In the middle of my first week of scootering, I took
another journey, this time leaving Zoom Zoom and my helmet at home. My friend
Colleen, whom I met in Jakarta a few years ago, and who is also, coincidently
from Hillcrest, invited me to her friend Nila’s restaurant for a Balinese
ceremony. The restaurant is in Kimtamani, an hour or less drive from Ubud and
is facing the majestic Mt. Batur – a smoky, powerful volcano which seems to
exude healing from its very slopes. The restaurant has been open for a year and I think the ceremony was a blessing for the restaurant, the land on which it stood and a
show of gratitude for what has come from it.
Colleen and I arrived early and sat looking at Mt Batur,
finishing off the coconuts Colleen had bought us in Ubud and simply enjoying being
there and in a different space. The ceremony started about two hours later and
Colleen and I sat and watched – both as guests and as part of the family. We
were dressed in full ceremony garb and were shown how to be part of the
different ritual prayers. Holding up a flower in prayer three times during the
music and then holding up empty hands, being flicked with blessed coconut water
and then sipping it four times from our hands. I really cannot explain the
details of the ceremony but it was fascinating to watch, to be a part of, as it
was both sacred and so very every-day. At least once or twice a member of the
family’s phone rang and they answered it, while the priest was in full chant.
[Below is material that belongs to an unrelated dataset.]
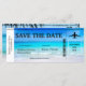 A tropical beachside image is the background for this Boarding Pass Destination wedding Save the Date.

There was constant chatter when the family was not expected to be part of the
rituals, and they smoked and playfully argued about what happens next or what
offering to put where.
The detail and symbolism of each item is amazing and far
too complicated for me to work out. Each item in the offerings has meaning and
the preparation can take days and weeks to complete. There are handmade baskets
and offering paraphernalia, rice, fruit, incense, sweets, cooked chicken! At
the end of the ceremony everything is eaten, either by the people or the animals,
as it is now regarded as blessed food.
At the end of the ceremony a beautiful spread of food was
put out which we were invited to share in. Nila is an organic chef and after
the rather intense energy of the ceremony, Colleen and I ravenously tucked into
the beautiful food. We spent the rest of the day there, ensconced in the beauty
of the volcano, the mist rolling in and out, eating chocolate, the ceremony
fruits and drinking the most gorgeous lemon, ginger and honey tea. I napped and
meditated in direct view of the volcano, feeling loved and healed by her
energy. It was the most beautiful day, which Colleen and I ended off with a
perfect and deep Balinese massage back in Ubud. That night I had the best sleep
I've had for a long time, happily exhausted from a day of generosity so
abundantly shown to me, and filled with deep gratitude at being here and being
blessed with such beautiful experiences.
Happy happy happiness my beautiful friend! xxx
ReplyDeleteHappiness right back to you my gorgeous Kateo. Love you lots! X
DeleteYour experiences are really enriching for you- as you walk along your spiritual path, I'm praying that you will experience the fullness of God's incredible love for you! Much love and greetings from an unusually wet Rustenburg!
ReplyDeleteThank you for your lovely words Sue - I am feeling so incredibly and abundantly blessed, xx love to you!